**TASK OBJECTIVE:** Line by line, repeat the material below exactly and skip the images.

**INPUT DATA:**
---
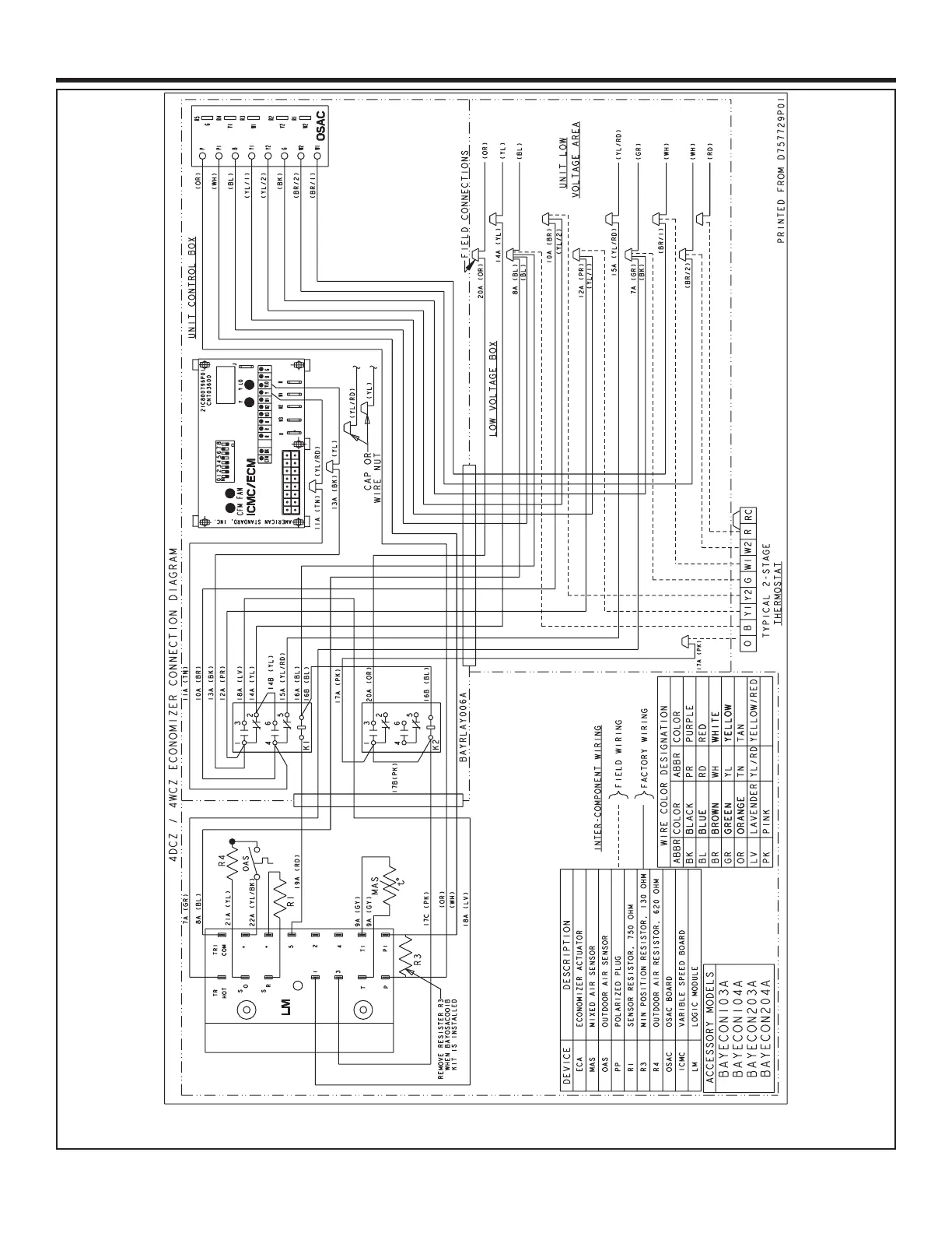 Trane BAYRLAY006A - 4 WCZ6 & 4 DCZ6 Economizer Connection Diagram (W7459)
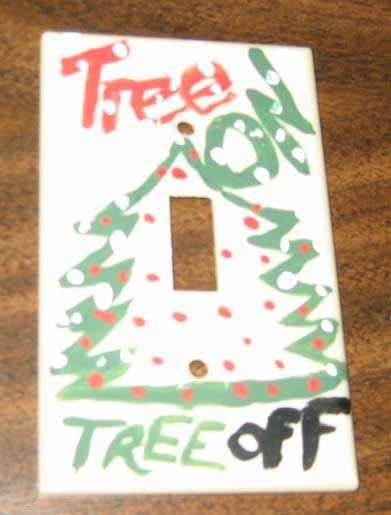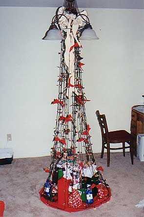 Esta es la parte mejor, y lo dejo sobre todo a usted. Simplemente colgamos nuestros adornos de las secuencias de luces por meter los ganchos a través de los cables trenzados. Hemos hecho toneladas de variaciones sobre cómo y qué conectar a la luz, dependiendo de lo que se cuelga del árbol de, cómo grande o pequeña, estrecha o amplia, alto o corto, etc.. Ha sido casi tan divertido como un árbol de verdad, pero sin cortar un árbol vivo, no pagar, no hay lío de la aguja, no acarreando un árbol casa y deshacerse de él más adelante. Para ahorrar espacio en nuestro apartamento ese año pusimos los regalos en el árbol y apiladas, que hizo una impresionante torre iluminada de regalos. Después de Navidad simplemente desmontar todo, embalar para arriba y guardar para el próximo año. Costo para nosotros fue de $ cero. También pintamos una la el interruptor de la luz para placas que apartamento ha tomado con nosotros desde entonces y conectado al interruptor que enciende el árbol y, cada año desde.
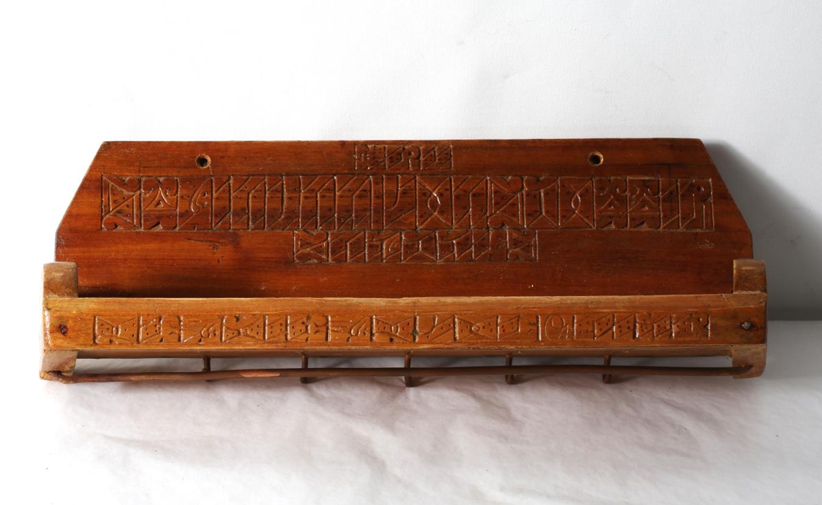 Lítil hilla og fatahengi. Útskorin með höfðaletri: "Frú Steinunn Jónsdóttir Snædal. Gleðileg jól og nýár." Jón A. Stefánsson gaf Steinunni hlutinn.
---
**ANSWER TO THIS EXERCISE:**
 Trane BAYRLAY006A - 4 WCZ6 & 4 DCZ6 Economizer Connection Diagram (W7459)
 Esta es la parte mejor, y lo dejo sobre todo a usted. Simplemente colgamos nuestros adornos de las secuencias de luces por meter los ganchos a través de los cables trenzados. Hemos hecho toneladas de variaciones sobre cómo y qué conectar a la luz, dependiendo de lo que se cuelga del árbol de, cómo grande o pequeña, estrecha o amplia, alto o corto, etc.. Ha sido casi tan divertido como un árbol de verdad, pero sin cortar un árbol vivo, no pagar, no hay lío de la aguja, no acarreando un árbol casa y deshacerse de él más adelante. Para ahorrar espacio en nuestro apartamento ese año pusimos los regalos en el árbol y apiladas, que hizo una impresionante torre iluminada de regalos. Después de Navidad simplemente desmontar todo, embalar para arriba y guardar para el próximo año. Costo para nosotros fue de $ cero. También pintamos una la el interruptor de la luz para placas que apartamento ha tomado con nosotros desde entonces y conectado al interruptor que enciende el árbol y, cada año desde.
 Lítil hilla og fatahengi. Útskorin með höfðaletri: "Frú Steinunn Jónsdóttir Snædal. Gleðileg jól og nýár." Jón A. Stefánsson gaf Steinunni hlutinn.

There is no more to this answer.